August 2018 – Crop of the Month
Green Bean – Scientific Name: Phaseolus vulgaris
Family: Fabaceae (the Legume family)
Even though it is hot and dry this time of the year, gardeners are gearing up for their fall gardens – this is actually a really exciting time of the year leading up to the fall, which in my opinion provides the best growing conditions for us here in Central Texas.

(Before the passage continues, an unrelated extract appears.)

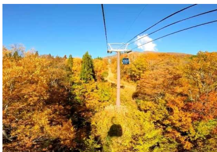
紅葉を駆け抜けるゴンドラ

全長 3,074m、標高 1,489m の山頂駅まで片道 18 分、ゴンドラキャビンから手が届きそうな紅葉の中で天空遊覧をお楽しみいただけます。また、山頂駅近くのビュースポットの展望デッキからは、眼下には野尻湖、そして正面には北信州の山々を望み、遠く富士山が見えることもあります。さらに、山頂駅周辺には、「赤倉山南麓湿原遊歩道」が整備され、ブナやナラなど多くの広葉樹が自生しており、手つかずの自然の神秘的な光景をお楽しみいただけます。お食事は山麓駅舎横のレストランで、山頂ではドリンク中心にご提供させていただきます。またオープニングイベントとして 10 月 1 日・2 日は地元野菜の直売会を開催します。妙高周辺は、これまでの苗名滝、いもり池、笹ヶ峰高原、燕温泉、関温泉など紅葉の名所に妙高杉ノ原ゴンドラが加わったことで、より一層魅力的になった紅葉スポットとなります。

One of the most resilient, fastest growing, and highest yielding food crops that can be planted directly by seed in late August and early September is the tried and true green bean, also referred to as the snap bean, or the string bean. The green bean is native to Central America, and was in use as a food crop in Mexico and North America by the time that the Spanish arrived in the late 1400’s. The Contender variety of the common green bean does exceptionally well here in Central Texas. The Contender seed variety is available from Willhite Seed, Inc., and Southern Exposure Seed Exchange.
– Planting Tips –
Direct planting green beans from seed is easy. It is a large seed which makes it easy to handle, and it has a high germination rate. Since beans are legumes, they have a symbiotic relationship with the rhizobia bacteria which can be applied to coat the seeds. The bacteria will help make nitrogen available to the plants growing in your garden beds. To get the bacteria on the seeds, wet the seeds you are about to plant, put them in a paper bag, and sprinkle some of the rhizobia inoculate (a black powder) into the bag. Shake the bag well. Now you are ready to plant. Then, in a 3-foot-wide garden bed of loose soil with hopefully 3 to 5 percent organic matter in it, make a shallow 1-inch furrow with a garden hoe. Drop the bean seeds in the furrow 2 inches apart, no thinning should be required. Cover the furrows with an inch of soil. Two rows 1 foot apart can be planted along a 3-foot-wide garden bed. Repeat this process again after 14 days in order to increase and extend your harvest.
Keep the soil moist to encourage germination and establish your seedlings. When the bean plants are 6 inches tall, add 2 inches of fine mulch. Once it gets cooler and starts raining in mid late September very little if any irrigation should be required. Your green beans ought to be ready to begin harvesting in about 45 days. Harvest them while they are green, plump, and tender.
Keep an eye out for spider mites and damping off (a fungus), which are a couple of the main pests that plague beans. A soap and water spray should be applied to the underside of the bean plants’ leaves if spider mites are present, and well drained beds and drip irrigation, rather that overhead irrigation, will reduce damping off and rust (another fungus).
This is a crop that you will want to involve children with. Beans are often used in biology class projects to show kids how a seed germinates and transforms into a plant that we can eat. Planting bean seeds with children is fun and easy, and so is looking for the bean pods to harvest when they are ready. I remember well removing the strings and snapping green beans with my great grandmother when I was very young, then my grandmother would put them on to cook with some bacon drippings in them before we left for church service.